DETAILED DESCRIPTION
[0016] An exemplary embodiment of the present invention will now be
described in detail with reference to the drawings.
[0017] FIG. 1 is a system diagram illustrating a configuration of a
service providing system 10 according to an exemplary embodiment of
the present invention.
[0018] The service providing system 10 includes a service providing
apparatus 12 serving as a moving apparatus that moves to provide a
service, for example. The service providing apparatus 12 includes a
moving unit 14 serving as a moving unit to be freely movable in an
office, for example. The service providing apparatus 12 serves
foods and drinks, and the moving unit 14 is mounted with a service
providing unit 16 serving as an operation unit.
[0019] Further, in the service providing system 10, multiple
personal computers (PCs) 20a to 20c, an internal server 22, and a
wireless local area network (LAN) terminal 24 are connected via a
local network 26. Further, the local network 26 is connected, via a
router 28, to the Internet 30, which is connected to an external
server 32.
[0020] FIG. 2 is a plan view illustrating an office 34 equipped
with service providing apparatuses 12.
[0021] The office 34 is divided into plural areas, such as a PC
operation area 36, a laboratory area 38, a meeting area 40, and a
telephone call operation area 42, for example. Each of the areas 36
to 42 is provided with multiple PCs. Further, the office 34
includes a storage 44 that stores goods. The plural service
providing apparatuses 12 are capable of bringing goods to be served
from the storage 44. The position of the storage 44 may be set as
the home position of the service providing apparatuses 12.
[0022] The office 34 is not necessarily located on one floor, and
may be located on plural floors. If the office 34 is located on
plural floors, the service providing apparatus 12 is capable of
moving up and down between the offices 34 via an elevator, for
example.
[0023] FIG. 3 is a block diagram illustrating a control
configuration of the service providing apparatus 12.
[0024] The service providing apparatus 12 includes a central
processing unit (CPU) 52 serving as a controller, a memory 54, an
input and output unit 56, a wireless communication unit 58, a
storage device 60, the service providing unit 16, the moving unit
14, and a sensor 62 serving as a detector, which are connected by a
control bus 64.
[0025] The CPU 52 executes a predetermined process based on a
control program stored in the memory 54.
[0026] The input and output unit 56 receives input information,
such as an identification (ID) or password of a user. The input and
output unit 56 includes an ID input unit to which the ID of the
user is input from an integrated circuit (IC) card, for example.

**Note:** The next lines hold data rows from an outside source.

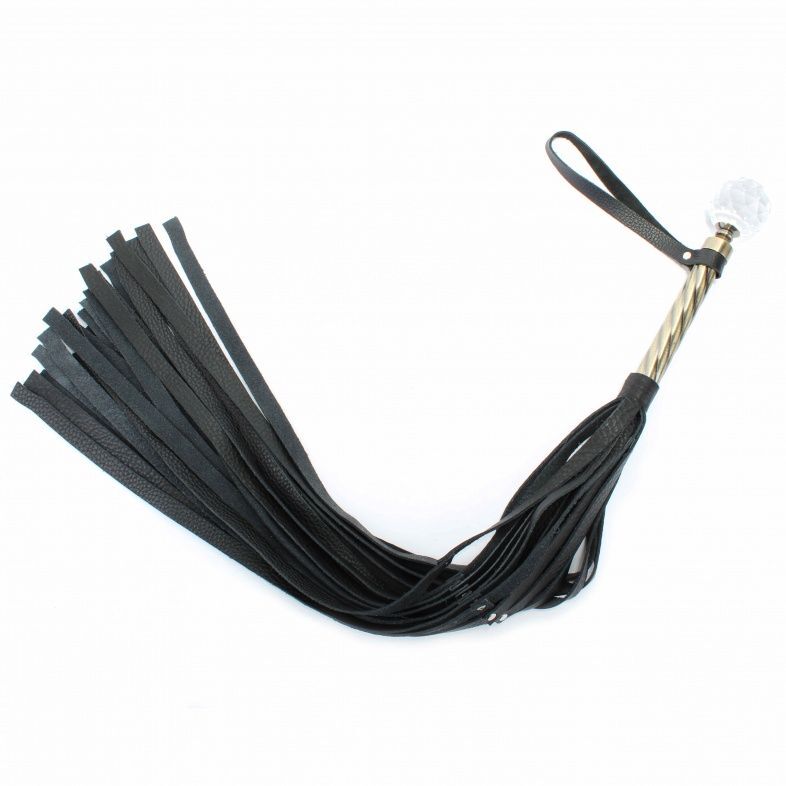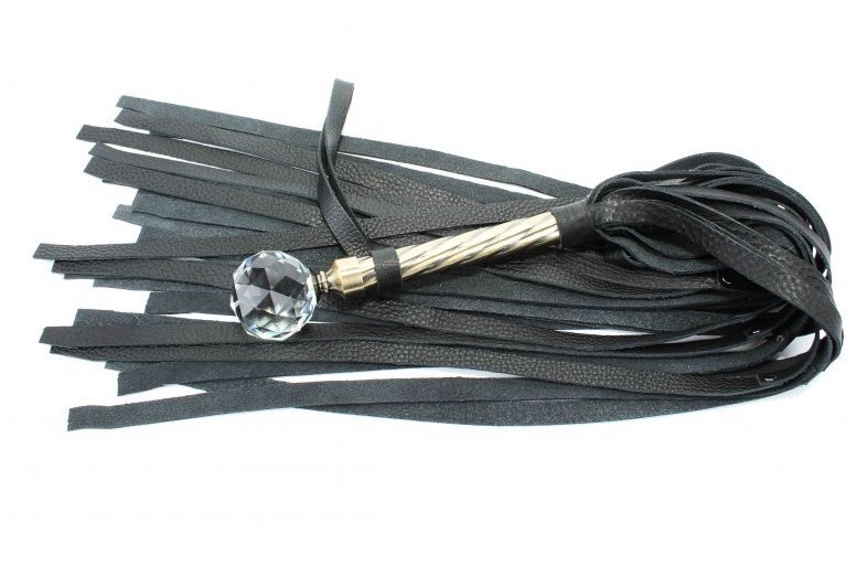 Черная плеть с кристаллом на металлической ручке - 78 см.
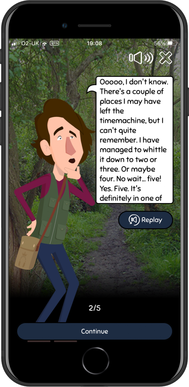 As with all Useeum games the phone is the tool not the focus. The user must find and answer questions about real exhibits in the museum, with correct answers bringing Ali closer to remembering where he parked that blasted time machine.
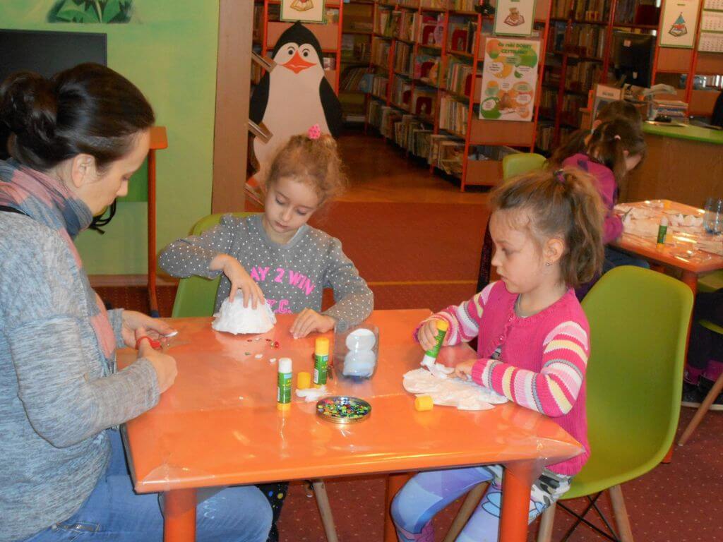 Podczas spotkań czytelniczych oraz warsztatów literacko-plastycznych, dzieci, inspirowane fragmentami literatury, wykonywały prace bawiąc się kolorem i formą. Zdecydowana większość przeprowadzonych zajęć odbywała się w blokach tematycznych. Oddział dla dzieci Biblioteki Głównej podczas tegorocznych ferii zabrał uczestników zajęć w odległe obszary polarne. Jako przewodnik posłużyły fragmenty książek między innymi Adama Bahdaja i A. i C. Centkiewiczów. Podczas realizacji programu wykorzystywano również monitor interaktywny, dzięki któremu zajęcia stały się bardziej atrakcyjne. Na zakończenie zimowych wędrówek dzieci stworzyły makietę, na której umieszczono wszystkie prace wykonane w trakcie zajęć. W Oddziale dla dzieci Filii nr 1 w ramach cyklu „Zima, książka i ja …” również połączono literaturę ze sztuką. Natomiast w Oddziale muzyczno - fonograficznym odbywały się zabawy przy muzyce, podczas których niekwestionowanym przebojem była taneczna mata. W Filii nr 2 powstały „pejzaże mrozem malowane” a w Filii nr 8 zakładki do książki. Uczestnicy spotkań w Filii nr 3 zostali przeniesieni „w krainę zimowych opowieści”. Powstały tu zimowe ogrody, zaczarowane kule i figurki zimowych przyjaciół. Spotkania w Filii nr 4 zdominowały zabawy integracyjne. Tematem przewodnim zajęć przeprowadzonych w Filii nr 5 były Anioły inspirowane książkami, m.in. E. Masłowskiej, natomiast w Filii nr 6 m.in. rozwiązywano zagadki z detektywem Pozytywką.
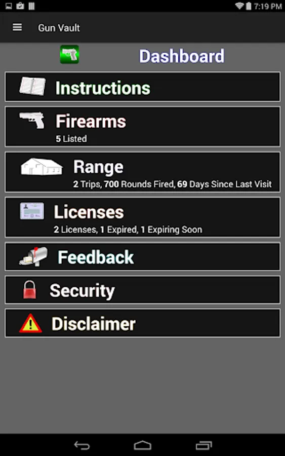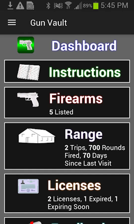 Dashboard – Quick statistics about your Range Trips, Licenses, and Firearms.
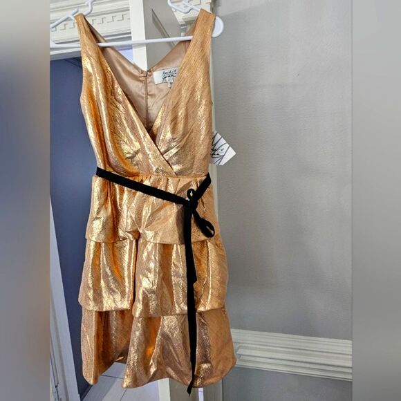 NWT Badgley Mischka by Mark and James gold cocktail dress size 0
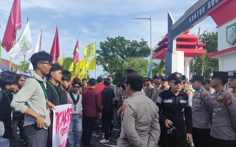 Puluhan aparat kepolisian tampak berjaga ketat di pintu gerbang utama, menghadang upaya mahasiswa yang sempat mengancam akan menerobos masuk jika tuntutan mereka diabaikan. Sejumlah orator mahasiswa secara bergantian menyuarakan keluh kesah dan tuntutan melalui pengeras suara.
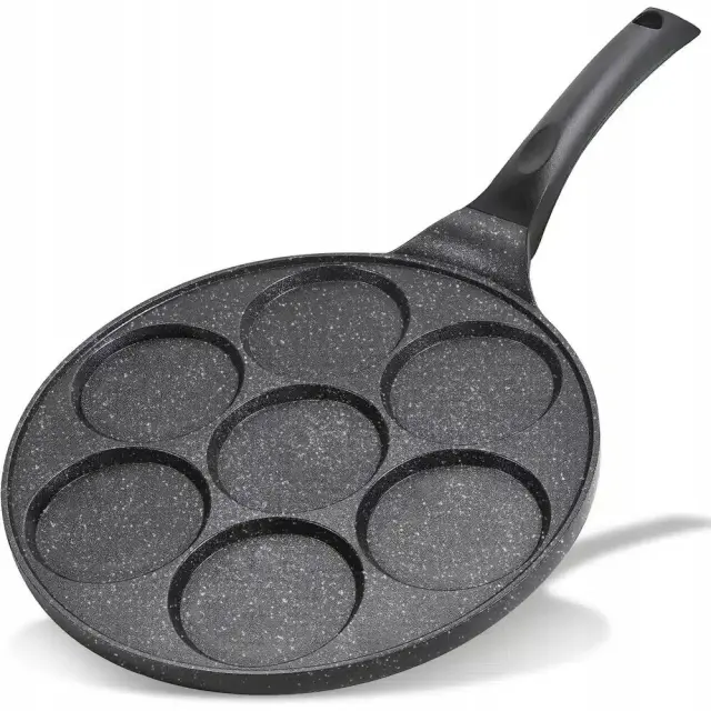 Ponev za palačinke je nepogrešljiv pripomoček v vsaki kuhinji! Zahvaljujoč njej lahko svoje najljubše jedi ocvrete v hipu. Vaše palačinke in palačinke bodo vedno popolnoma enakomerne. Premaz proti prijemanju pomeni, da lahko za peko porabite do 80 % manj maščobe! Zahvaljujoč temu boste jedi pripravili ne le hitro, ampak tudi zdravo. Ustvarite nove recepte ali kuhajte, kar vam je najbolj všeč.
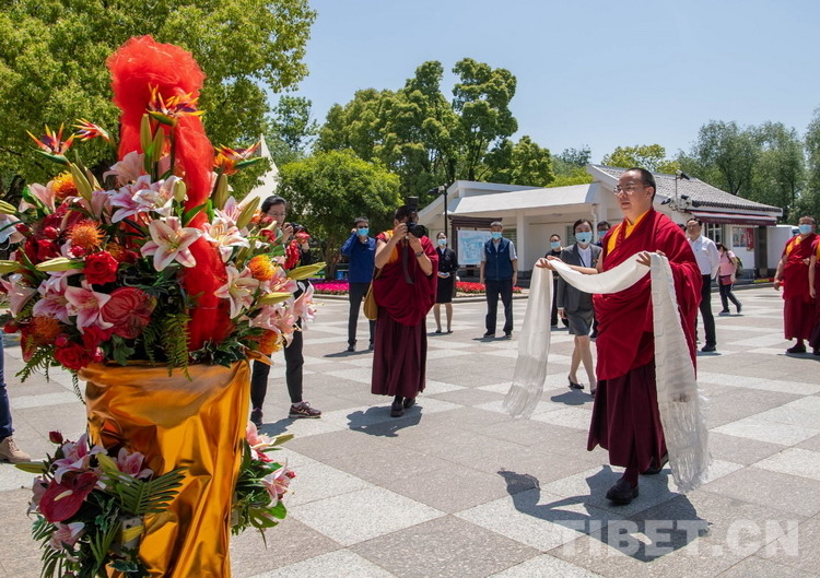 10日上午,班禪專(zhuān)程來(lái)到位于上海市青浦區(qū)練塘鎮(zhèn)的陳云紀(jì)念館,認(rèn)真聽(tīng)取了陳云同志有關(guān)事跡,并向陳云銅像敬獻(xiàn)哈達(dá),追思陳云同志愛(ài)國(guó)憂民、為共產(chǎn)主義事業(yè)鞠躬盡瘁的偉大一生……
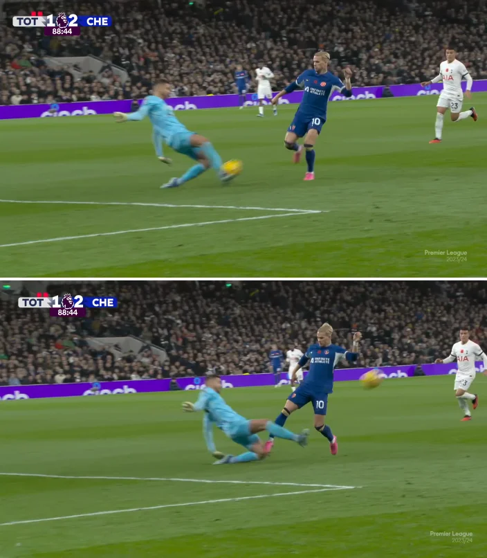 Как и в случае со скандальным голом Ньюкасла в ворота Арсенала, эпизод просматривали минут пять со всех ракурсов. Сначала VAR проверял офсайд у Джексона (он был), а затем повтор отмотали на несколько секунд назад. Там был замечен грубый фол Ромеро против Энцо Фернандеса. В итоге гол отменили, назначив пенальти.
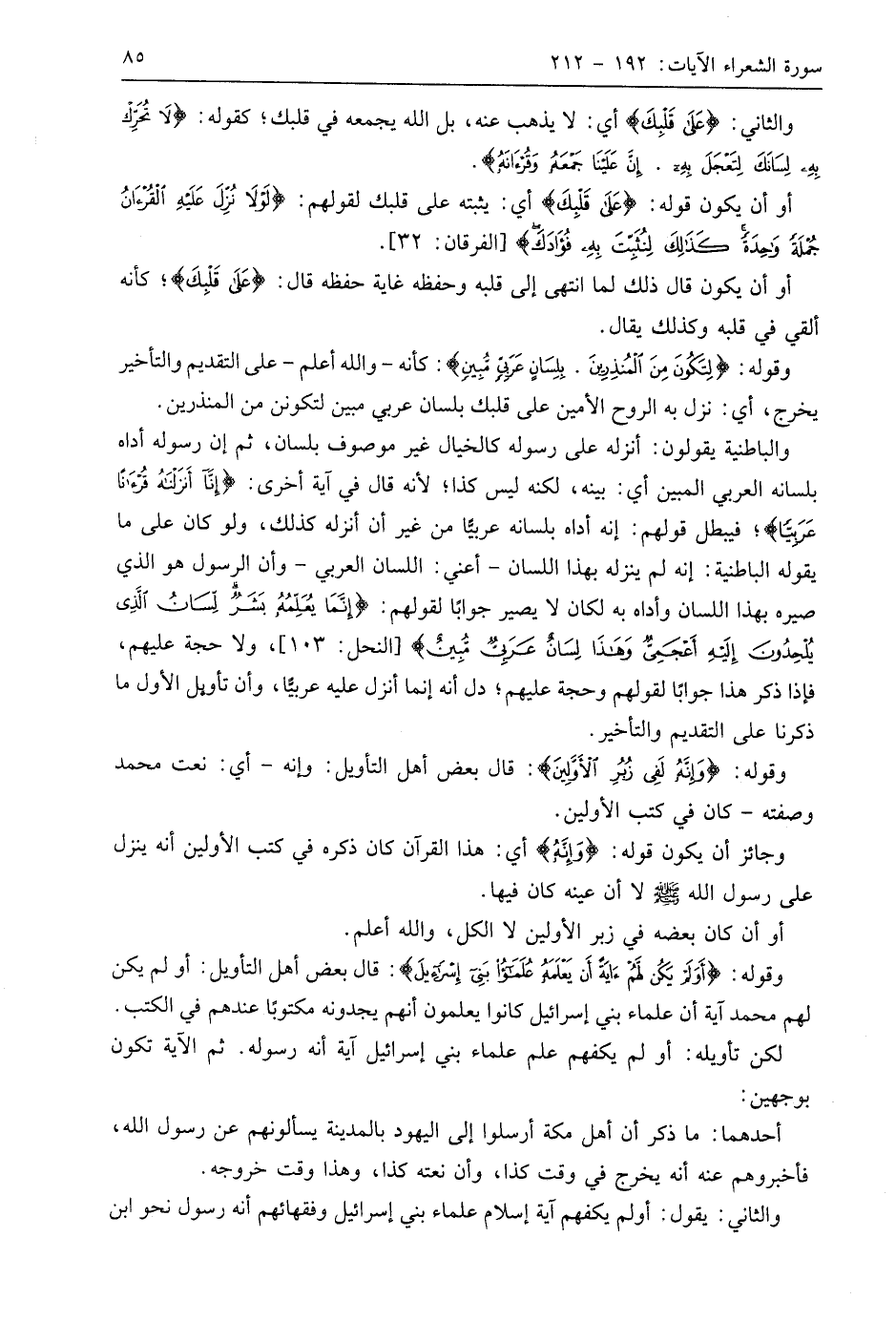وقوله: (لِتَكُونَ مِنَ الْمُنْذِرِينَ (194) بِلِسَانٍ عَرَبِيٍّ مُبِينٍ (195) كأنه - واللَّه أعلم - على التقديم والتأخير يخرج، أي: نزل به الروح الأمين على قلبك بلسان عربي مبين لتكونن من المنذرين.

The input and output unit 56 further includes devices such as a
camera and a microphone to acquire information at a departure
point, during the movement, and at a destination point. For
example, the camera photographs the face of the user to confirm the
identity of the user. The microphone acquires audio data of the
user or surroundings of the user. The input and output unit 56
further includes a device such as a display that displays and
outputs screen display data and input buttons serving as a user
interface, the state of audio output from a speaker, and the state
of the service providing apparatus 12.
[0027] The wireless communication unit 58 transmits and receives
data to and from the wireless LAN terminal 24 via a wireless
line.
[0028] The storage device 60 stores a map of the office 34 equipped
with apparatuses such as the PCs 20a to 20c.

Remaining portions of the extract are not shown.